The American Age hit its zenith by 1955. After that we have seen a long decline in American economic and political influence. We have all the hallmarks of a declining power -- increasing reliance on military power, debt, trade imbalance, and a refusal to recognize the reality of our own decline. We ruined ourselves in winning the Cold War and now are in an existential crisis seeking to find some new principle to order our foreign affairs. It is not surprising that Bush seized on the "Global War on Terror." We need an easy enemy, and we need to be fighting wars -- it's the old Truman playbook in a different form.

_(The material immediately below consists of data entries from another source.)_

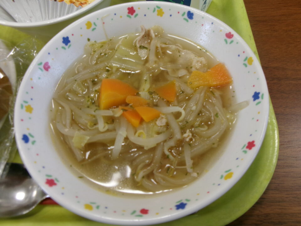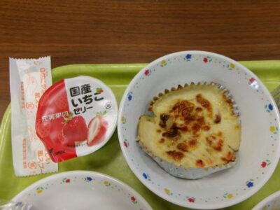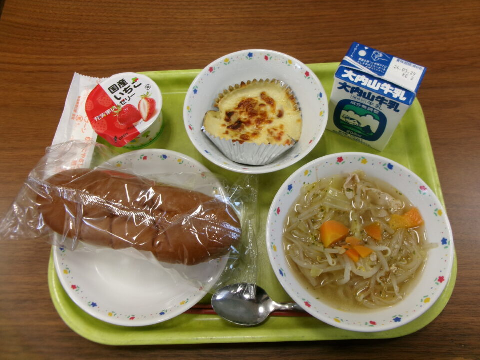 今日のメニューは、黒糖パン、牛乳、ポテトグラタン、もやしとキャベツのスープ、いちごゼリーでした。
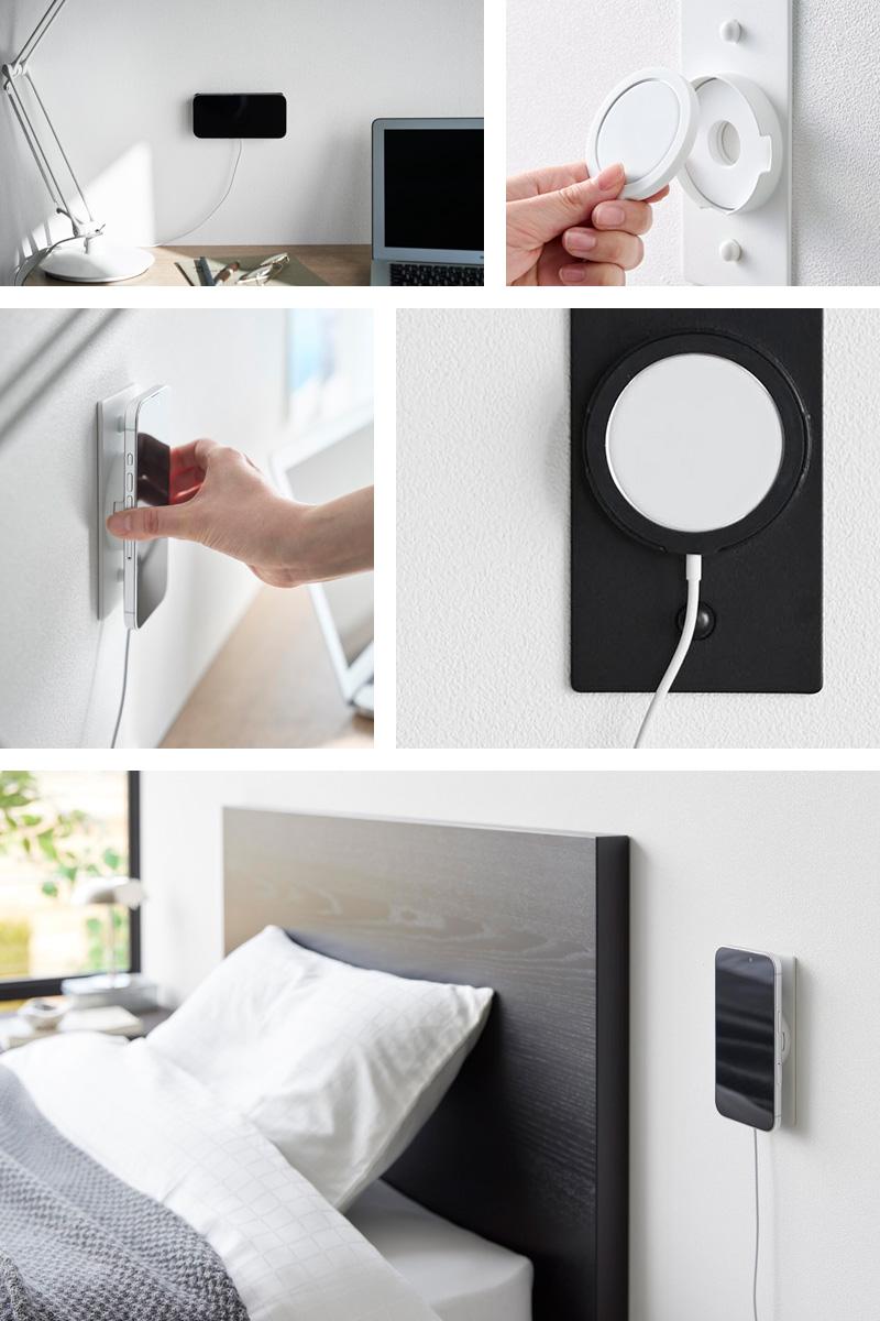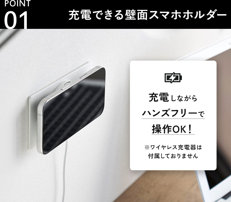 ホルダーにマグネット式ワイヤレス充電器をはめ込んで使用するため、壁面にスマホの充電スポットがつくれます。
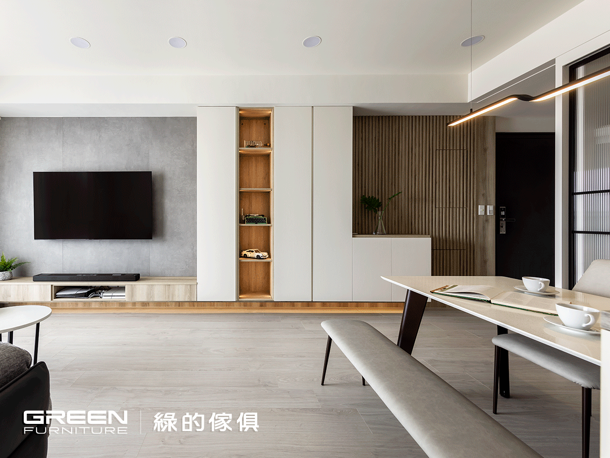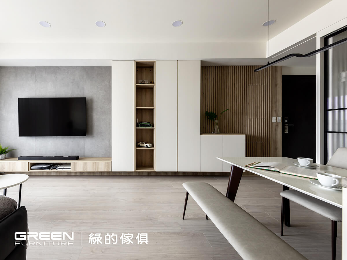 身為醫生的屋主重視健康,一開始就對綠的傢俱的環保板材印象深刻,也是決定合作的原因之一;門市現場更有多種風格、材質和色調選擇,讓對美感很有想法的屋主能夠,在三房兩廳的裝潢設計當中選出最喜愛的和諧搭配。

Do the traits that led to the rise and triumph of America serve the nation in the challenges presented by the new Century? Or do those same traits guaranty the nation's ultimate demise? In the more complex multilateral world faced with serious resource limitations, overpopulation, and vulnerability to man-made destructive forces, do we need individualism, unbridled capitalism, expansionism, and resistance not just to international authority but even to national federal authority? Or do we need a more European perspective. The Europeans, having ruined themselves in two wars, lack our hubris and are more amenable to communitarian ideas, limitations on resource use, and stronger international authority. Ironically enough, Wilson was himself perhaps the first modern European. He parted company with the U.S. by insisting on a real set of international commitments, restraints on U.S. freedom of action, and collective security. We didn't go in his direction, but Europe did and is perhaps the stronger for it.

Well, not all of the above is from LaFeber, but this is what I get out of his book. I highly recommend the book.
1 of 1 people found the following review helpful
5.0 out of 5 stars Excellent work 3 Dec 2011
By David - Published on Amazon.com
This book is an excellent overview of US foreign policy, covering topics all the way up to the 21st century. LaFeber keeps it pretty fresh and it's an enjoyable read. I had this assigned for a US foreign policy class and it served me very well. Of course, it will condense into a few pages what many scholars will write volumes on, but it condenses events succinctly. LaFeber cites everything and his bibliographies are easily accessible for anyone who wants to delve into the sources. Like other reviews said, LaFeber puts in several images of political cartoons, maps, photographs, paintings, video captures, and so on which provide the reader with more than just text. While LaFeber is not unfair, he does tend to take a moral stance.